In Melbourne Tonight


In Melbourne Tonight, also known as IMT, was a highly popular nightly Logie award-winning Australian variety television show produced at GTV-9 Melbourne from 6 May 1957 to 1970.

Overview

was the show's main host and star attraction but other presenters were often called on to present the show on certain nights. In Melbourne Tonight had as many as 50 different presenters over its 13 years on air. The format of the show was inspired by the American Tonight Show on NBC, but Kennedy's exuberant charisma was the key to the success of IMT.
The show originally had its own self-titled theme song, written by IMT first band leader Lee Gallagher, but for most of its run, it adopted the tune of Gee, But You're Swell, written by Abel Baer and Charles Tobias in 1936.
Geoff Corke was Kennedy's offsider until 1959 when Bert Newton joined GTV-9 from HSV-7 to become Kennedy's straight man. This began a professional partnership that continued for many years and a friendship that continued until Kennedy's death in 2005.
Other In Melbourne Tonight regulars included Joff Ellen, Val Ruff, Panda Lisner, Anne Marie Fabry, Mary Hardy, Rosie Sturgess, Patti McGrath, Toni Lamond, Philip Brady, Johnny Ladd, Noel Ferrier, Elaine McKenna, Bill McCormick, Ted Hamilton, The Tune Twisters and the Channel 9 Ballet.
The ballet troupe was known as the Royal Dancers. Performers included Denise Drysdale and Roma Egan, directed by Valmai Ennor, a former dancer with the Sadler's Wells Ballet.
From 1960, a Friday night syndicated "national" edition of the program aired under the title The Graham Kennedy Show, with highlights packages being shown as The Best of IMT and The Best of Kennedy.
On 7 July 1965, IMT featured a then-innovative interstate live split-screen link with The Tonight Show on TCN-9 Sydney, via the recently completed co-axial cable linking Melbourne and Sydney.
Kennedy signed off from In Melbourne Tonight on 23 December 1969 after twelve years.
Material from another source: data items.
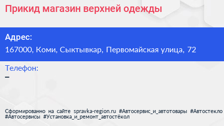 Прикид, магазин верхней одежды по адресу 167000, Коми, Сыктывкар, Первомайская улица, 72 в дальнейшем Организация, размещена в следующих категориях: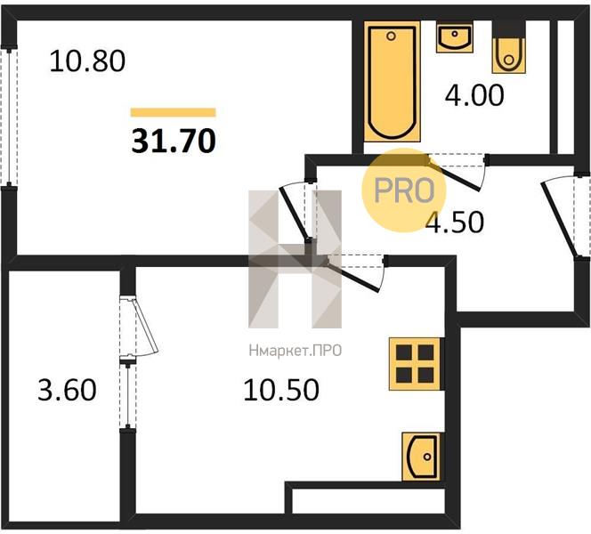 Купить 1-комнатную квартиру, 32.10 м2 № 4682519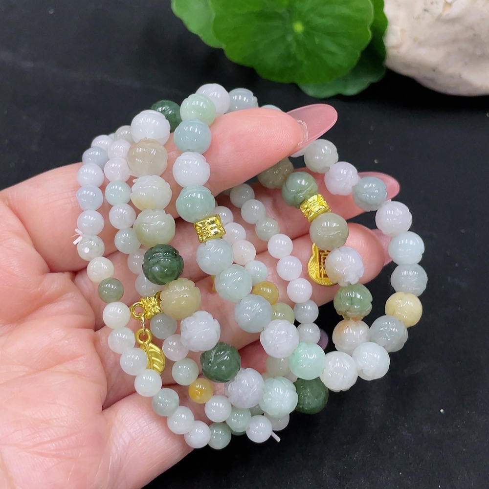Jadeite Bracelet Sell as a Lot (Non Gold Inlaid) (Yellow Part Color Origin Undetermined)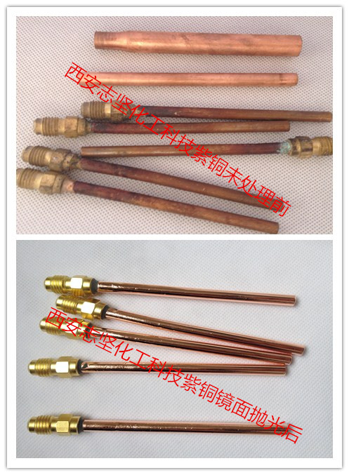 第五步:抛光,zj-503 1:2兑水,(兑去离子水)黄铜加温40-45度,紫铜加温45-50度。浸泡1-3分钟,

On his final program, he was given a crown—made by the GTV-9 props department—symbolising his reign as king of Australian television.
The following year, IMT continued with four hosts, each on a different night of the week—Jimmy Hannan, Ugly Dave Gray, Bert Newton and Stuart Wagstaff. The program was gradually scaled back from four nights a week to three, then two, with the remaining shows renamed as The Ugly Dave Gray Show and Tonight With Stuart Wagstaff until they were finally axed in March 1971.
On 20 October 1970, during one of the final programs under the IMT banner, British actor Patrick Wymark was scheduled to appear as a guest to promote a theatre play and a TV special. His non-appearance prompted jokes between host Stuart Wagstaff and guest Richard Deacon until news reached GTV-9 that Wymark had collapsed in his hotel room. His death was announced at the end of the program.
In Melbourne Tonight created a long-standing legacy of live variety programs for several decades from GTV-9. Most of the videotapes were erased and reused after broadcast and consequently fewer than 100 episodes survive today out of the thousands produced and broadcast.
When Kennedy returned to GTV-9 in the early 1970s, he launched his own weekly variety show for the Nine Network, The Graham Kennedy Show, but it did not recapture the success of the original In Melbourne Tonight, and was latterly succeeded by The Ernie Sigley Show and The Don Lane Show.

Late-1990s version

In 1996, the format was revived under the title IMT, hosted by Frankie J. Holden and screened as a Monday night variety show. Featured on the show were the comedic stylings of Steven Jacobs, Denise Drysdale, Ann-Maree Biggar and Julia Morris, who was best known for presenting "The Morris Report", a comedic take on the news events of the previous week. The show ran until 27 November 1998.